EXERCISE AIM:
Copy, without a single change, each line from the one that holds "最后由支部副书记朱瑞祥同志进" to the bottom of the entries below, and drop any pictures.

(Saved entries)
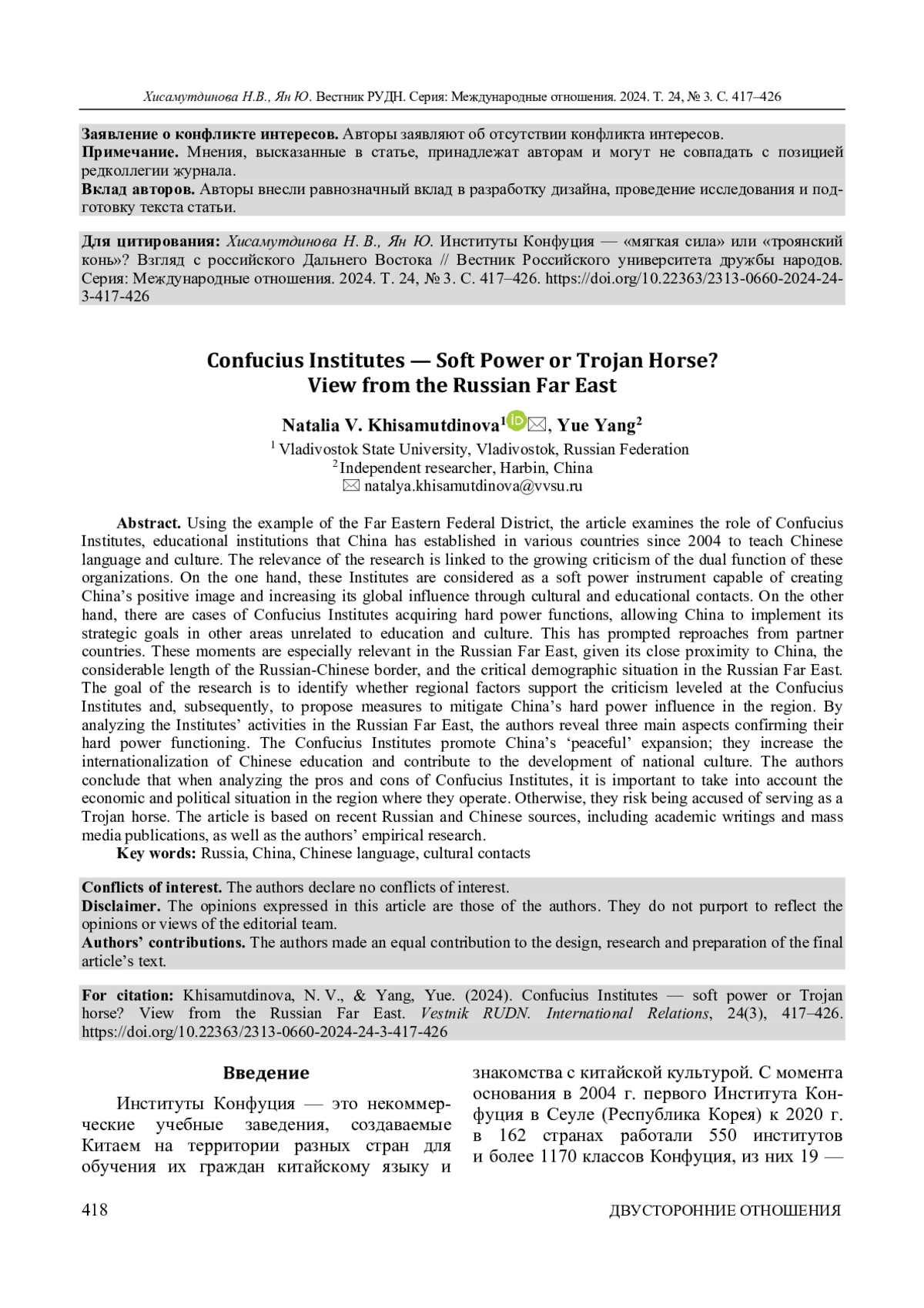 На примере Дальневосточного федерального округа поднимается вопрос о значении и роли Институтов Конфуция, культурно-образовательных учреждений, создаваемых c 2004 г. Китайской Народной Республикой (КНР) в разных странах для обучения их граждан китайскому языку и знакомству с китайской национальной культурой. Актуальность исследования связана с участившейся критикой этих образовательных организаций, обусловленной присущей им двойственной ролью. С одной стороны, Институты Конфуция являются типичным инструментом «мягкой силы», способной создать привлекательный образ Китая и усилить его влияние в мире с помощью международных связей в сфере культуры и образования. С другой стороны, в деятельности Институтов Конфуция прослеживаются функции «жесткой силы», позволяющие Китаю реализовывать стратегические задачи в других областях, совершенно не связанных с образованием и культурой, что вызывает упреки в странах-партнерах. Эта проблема особенно актуальна для российского Дальнего Востока, учитывая его близкое соседство с Китаем, большую протяженность российско-китайской границы и сложную демографическую ситуацию на российском Дальнем Востоке.
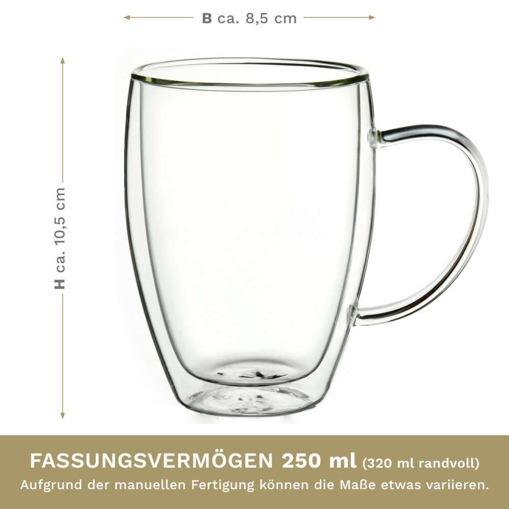 Set 4 cani termice Creano cu maner, 250 ml, sticla borosilicata, perete dublu
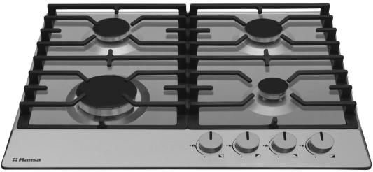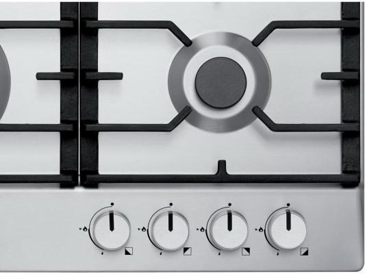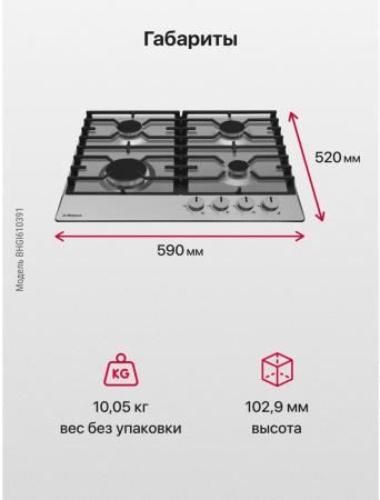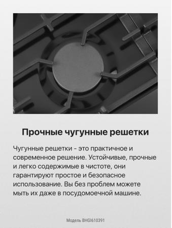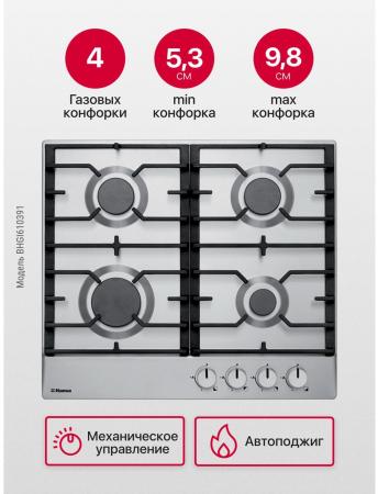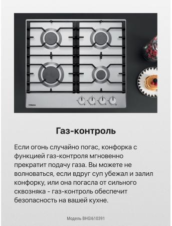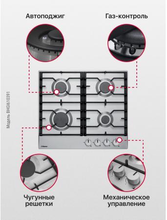 Встраиваемая варочная панель/ Варочная поверхность, газовая BHGI610391, 4 газовых конфороки (1х5,3см,2х7,3cм, 1х9,8см), ЧУГУННЫЕ РЕШЕТКИ, автоподжиг, газ-контроль, нержавеющая сталь
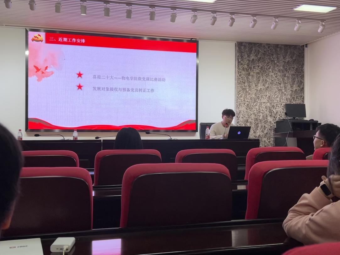 最后由支部副书记朱瑞祥同志进行党支部近期的工作安排。近期支部主要工作包括“喜迎二十大——物电学院微党课”比赛活动以及发展对象与预备党转正工作。
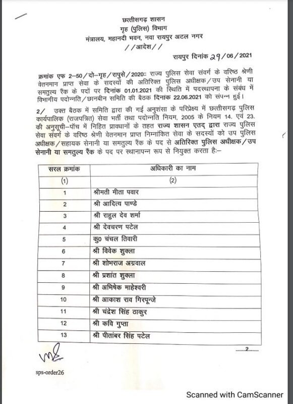 रायपुर। राज्य सरकार ने आज एक और लिस्ट निकली है, 26 डीएसपी का प्रमोशन आदेश जारी किया है। सूची में कई चर्चित चेहरे हैं, जिनके नाम काफी समय से सुनाई दे रहे थे। इसमें विवेक शुक्ला, प्रसांत शुक्ला, पंकज पटेल जैसे कई चर्चित नाम भी शामिल है।

OUTPUT BELOW:
 最后由支部副书记朱瑞祥同志进行党支部近期的工作安排。近期支部主要工作包括“喜迎二十大——物电学院微党课”比赛活动以及发展对象与预备党转正工作。
 रायपुर। राज्य सरकार ने आज एक और लिस्ट निकली है, 26 डीएसपी का प्रमोशन आदेश जारी किया है। सूची में कई चर्चित चेहरे हैं, जिनके नाम काफी समय से सुनाई दे रहे थे। इसमें विवेक शुक्ला, प्रसांत शुक्ला, पंकज पटेल जैसे कई चर्चित नाम भी शामिल है।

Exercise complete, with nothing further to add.